Comp 2673, Spring 2002
March 25, lecture notes
Here's what we'll study in this course:
learning UNIX and learning some advanced C++ topics
UNIX:
using a command-line interface
the file system/managing files
editing (vi and emacs)
file permissions
filters/pipes
wildcards
history/aliases and other shell goodies
job control
tar
makefiles, g++, gdb
miscellaneous UNIX commands
C++
templates
STL
inheritance
exception handling
Web-page for course - read it thoroughly!
course web site
Contains information about requirements for the course
Grading
Assignments
Schedule
Lecture notes, homework assignments, programming assignments
will be regularly posted to this site!
Now, we begin learning UNIX
We'll spend a few days on this before covering to new C++ concepts,
because you can't do anyting until you can use the system.

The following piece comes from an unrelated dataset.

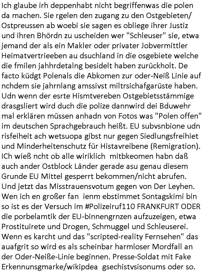 07.07.2025 07:00 Am Samstag abend gab es eine hochinteressante ZDFInfo Doku wo es um Gräuelaten der Polen an der deutschen Minder-heit ging die zum Ausbruchc des zwoten weltkriegs führte nur mal so am Rande weil ich mich mal mit der Frage von (un-)"bestätigten Abschüssen" von Flugzeugen und von "be-stätigten Toten" beschäftgt habe was folglich bdezet daß es auch "un-bestätigte Tote" sind (siehe Prof. Boerne #Tatort Limbus) gestren im "Claire-Schlamm, wobei Cläre mit A-umlaut gschiebn ist" Video. Jedfalls hiße esd a daß @SteinbachErika1 recht hatte mit der behauptung Polen habe zurest mobil gemacht und Deutschland darauf reagiert. WIkipdei ist voler fherl shcibe ja ahc die Frakfurter Allgemeine Sonntaszetung. Ich fidne die bduwehr sollte mal ein paar Kriegs-Schiffe an dei plnsiche Ostessgreze vrlegen umdiese zu shcützen. Die staten ja iege Gerzkotollen gegen angliche schleuser die mschen von Dsuchlan dnch Polens hclsuensolln, ist das denn so ien hochlohnland inzwischen oder gibt es da mahr soszallsitugen als hier oder im BRexit gebiete für Asylsuchende asu Drittstaaten (Die Lampdusa Libyer dene BErluscon EU Abristvias für dei erhife ausstelken wollte?) und noch was: a poprs cklären: wenn der ostblock kriegs-erklärugen vsden will sollete r sichd abi besser nicht auf plsnche BIGFAx etchnik valssen dannkomen die nämlich nicht an (hete rst gstohlen ...) und es gibt ein neues "stumbling ...to pearl harbour without warning (they offer [IRDA] infrarde instead of SUN (microsystems)". Ich glaube irh deppenhabt nicht begriffenwas die polen da machen. Sie rgelen den zugang zu den Ostgebieten/ Ostpreussen ab woebi sie sagen es obliege ihrer Justiz und ihren Bhördn zu uscheiden wer "Schleuser" sie, etwa jemand der als ein Makler oder privater Jobvermittler Heimatvertrieeben au dsuchland in die osgebiete welche die fmilen jahhrdetalng besidelt haben zurückholt. De facto küdgt Polenals die Abkomen zur oder-Neiß Linie auf nchdem sie jahrnlang amssivst miltrsichafgarüste haben. Udn wenn der esrte Hismtvereben Ostgebietsstämmige drasgsliert wird duch die polize dannwird dei Bduwehr mal erklären müssen anhadn von Fotos was "Polen offen" im deutschen Sprachgebrauch heißt. EU subvsnbione udn risfeiheit ach wetsuopa gibst nur gegen Siedlungsfreihiet und Minderheitenschutz für Histavreibene (Remigration). ICh wieß ncht ob alle wiriklich mitbkeomen habn daß auch ander Ostblock Länder gerade asu genau diesem Grunde EU Mittel gesperrt bekommen/nicht abrufen. Und jetzt das Misstrauensvotum gegen von Der Leyhen. Wen ich en großer fan ienm ebstimmet Sontagskimi bin so ist es der Versuch im #Polizeiruf110 FRANKFURT ODER die porbelamtik der EU-binnengrnzen aufzuzeigen, etwa Prostituirete und Drogen, Schmuggel und Schleuserei. Wenn es karcht und das "scripted-reality Fernsehen" das auafgrit so wird es als scheinbar harmloser Mordfall an der Oder-Neiße-Linie beginnen. Presse-Soldat mit Fake Erkennunsgmarke/wikipdea gsechistvsisonums oder so. https://www.tvinfo.de/fernsehprogramm/2151283391-der-zweite-weltkrieg https://www.tvinfo.de/fernsehprogramm/2151283393-der-zweite-weltkrieg https://www.tvinfo.de/fernsehprogramm/2151283395-der-zweite-weltkrieg https://www.rbb24.de/politik/beitrag/2025/07/polen-grenzkontrollen-beginn-staus-a12.html https://www.tagesschau.de/ausland/europa/brandbrief-eu-ungarn-100.html https://de.quora.com/Was-genau-ist-eine-best%C3%A4tigte-und-eine-unbest%C3%A4tigte-T%C3%B6tung-Wie-werden-Scharfsch%C3%BCtzent%C3%B6tungen-best%C3%A4tigt-Brauchst-du-eine-Leiche-als-Beweis-Muss-ein-anderer-Soldat-Zeuge-des-Mordes-werden https://www.tagesschau.de/ausland/europa/ukraine-russland-austausch-100.html (1.200 Leichen: Tiere oder Menschen?) https://www.faz.net/aktuell/wirtschaft/wikipedia-ist-nicht-mehr-aktuell-und-hat-viele-fehler-110575350.html https://de.wikipedia.org/wiki/Polizeiruf_110_(%C5%9Awiecko) https://de.wikipedia.org/wiki/Tatort:_Limbus [0] "202507070700-0-1.jpg" [1] "202507070700-0-2.jpg" [2] "202507070700-0-3.jpg" [3] "202507070700-0-4.jpg" [4] "202507070700-0-5.jpg" |

A multi-user system - working in a community
1. Don't reboot, tamper with machines
2. Don't overuse/misuse the system
3. Don't leave machine "locked" for excessive amounts of time
3. Respect other's files/directories
3. Maintain security on the system (good passwords, no hacking)

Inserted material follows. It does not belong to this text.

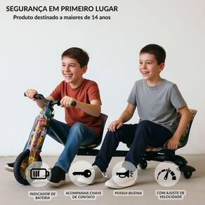 Que tal essa nova sensação que vai conquistar a criançada. O Triciclo Elétrico Drift da Importway possui potência de 350W e velocidade máxima de 25km/hr. Agora seu filho poderá sentir a adrenalina de um verdadeiro piloto com muita emoção. Possui freio dianteiro, além de luz de LED, deixando a brincadeira ainda mais radical.
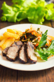 W plasterkach wołowiny wyprażać na toast, sera, bazylia, jagody, śliwki i Sos holenderski. Restauracja dostaw drewniane tła. Widok z góry. Szczelnie-do góry

4. Maintain your own privacy by controlling access to your files
UNIX
1. Way faster than a gui interface
2. Many ways to do things, not just one
3. Much more powerful and flexible than
4. You have to be more educated to use it
5. Unlike windows systems, the more you use it the faster you become
Logging on remotely - demo of the UNIX operating system
1. Download SSH
2. Click on the SSH icon on your desktop
2. Log in! For jobs that do a lot of processing, don't always log
on to the same workstation
3. Once you log on, you're interacting with a "shell", or "command shell"
Notice the prompt (it can be changed) that indicates it's waiting
for a command. Tomorrow in lab you will:
log on
change password
create directories, move around directory structure
list files, copy files, move files
edit files with vi
4. This is a multi-user system - try whoami, w, finger
5. The directory structure is just like folders on MSWindows,
but without the visual interface.
In UNIX you are "sitting" in a present working directory,
that you can see with the "pwd" command.
You start out in your home directory
Examine the file system with pwd, ls, cd
6. UNIX commands often have flags (switches)
Examples: ls -a
ls -l
man -k
7. Tomorrow in lab you will learn to use vi. Next week you will learn
emacs. Both are powerful editors that are a little difficult in
the beginning but with practice become tremendously efficient.